本発明は、アクリレート、好ましくは高沸点のアクリレートの製造において、反応で生じるアクリル酸の回収・再使用を主目的とするアクリレートの製造方法、及び、アクリル酸の回収方法に関し、アクリレートを製造・使用する技術分野及びアクリル酸を使用する技術分野に属する。
アクリレートは、アクリル酸とアルコールとを、酸触媒の存在下にエステル化反応させて製造されることが多い。

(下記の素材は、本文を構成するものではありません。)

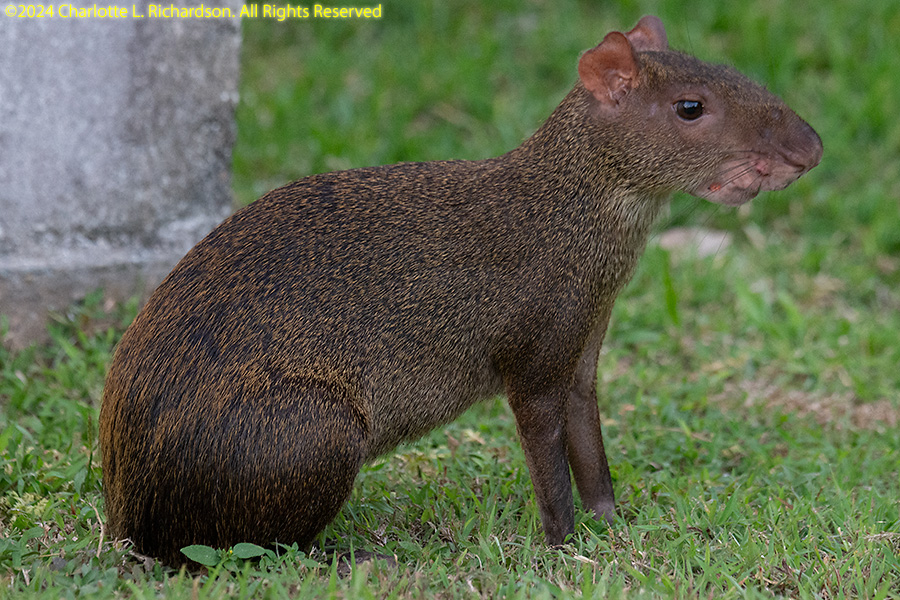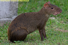Agoutis are small rodents native to Central America. They are related to guinea pigs, capybaras, and pacas.
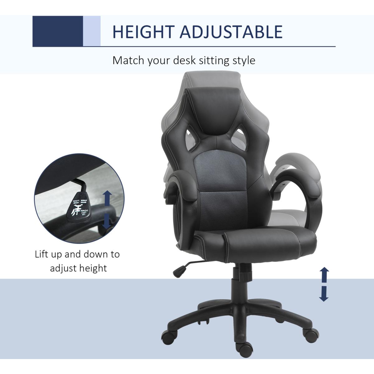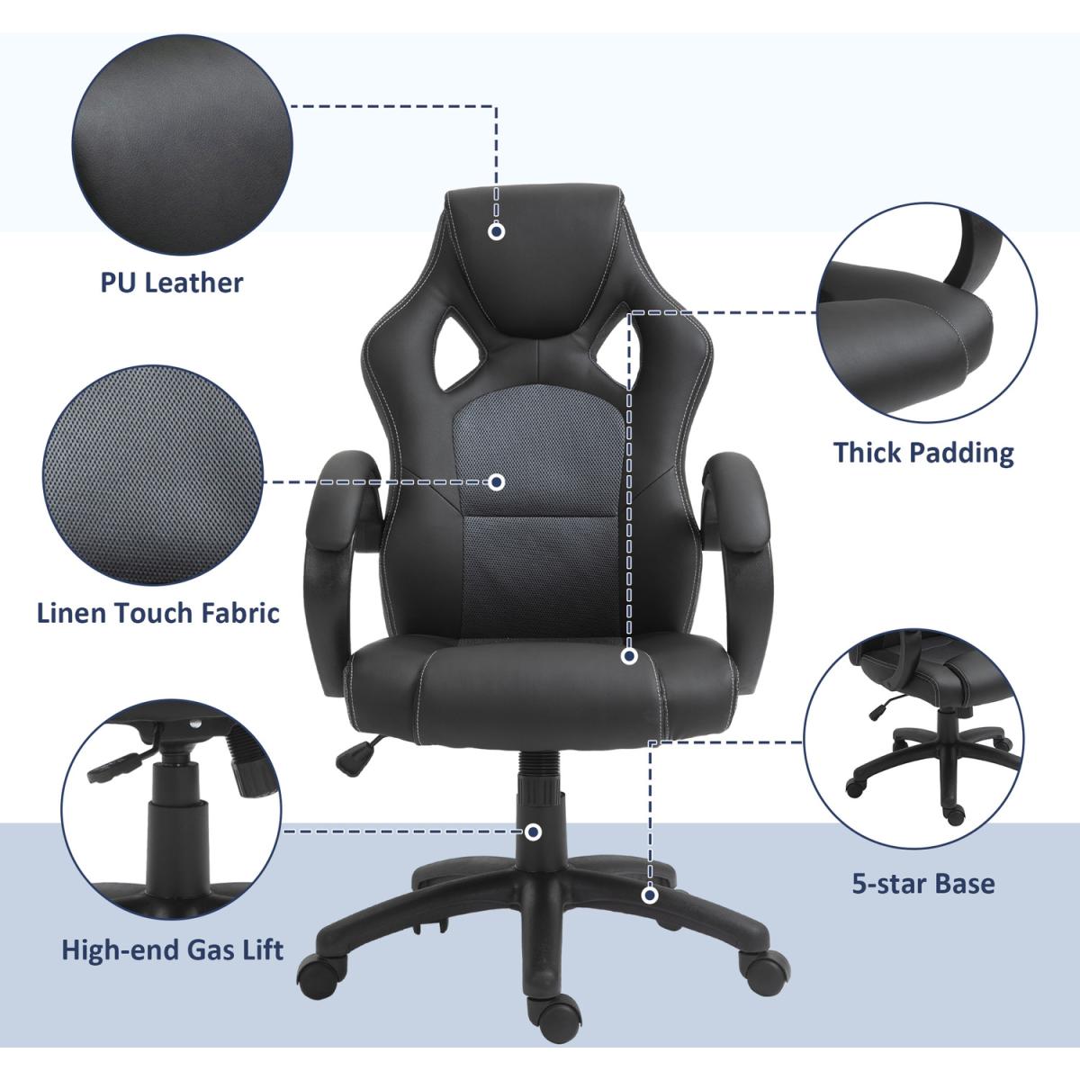 Executive Swivel Racing Gaming Office Chair Computer Desk Chair - Black, Grey / pu Sponge Nylon Steel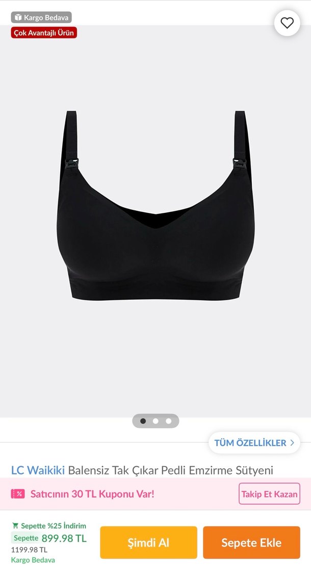LC Waikiki siyah, balensiz ve tak çıkar pedli emzirme sütyeni. Ayarlanabilir askılı ve rahat kullanım sağlar.

低沸点アクリレートの製造では、反応液を蒸留して精製される。
一方、高沸点アクリレートの製造においては蒸留が容易でないため、反応溶媒を含むエステル化反応液を中和して酸触媒及び未反応アクリル酸を除去し、有機相と水相の2層分離した有機層を分離し、さらに有機層中の反応溶媒を脱溶剤して製造される。この場合、目的物であるアクリレートと原料アルコールの分離が困難なため、アクリル酸を過剰に使用して原料アルコールをなるべく多く反応させ、反応液中にアルコールが残らないようにする方法が一般的に採用されている。
しかしながら、アクリル酸を過剰に用いると、未反応アクリル酸を除去する中和・水洗を行う必要が生じ、その結果、アクリル酸をロスするばかりか、化学的酸素要求量(COD)の値の高い廃水を生じるという問題を含んでいる。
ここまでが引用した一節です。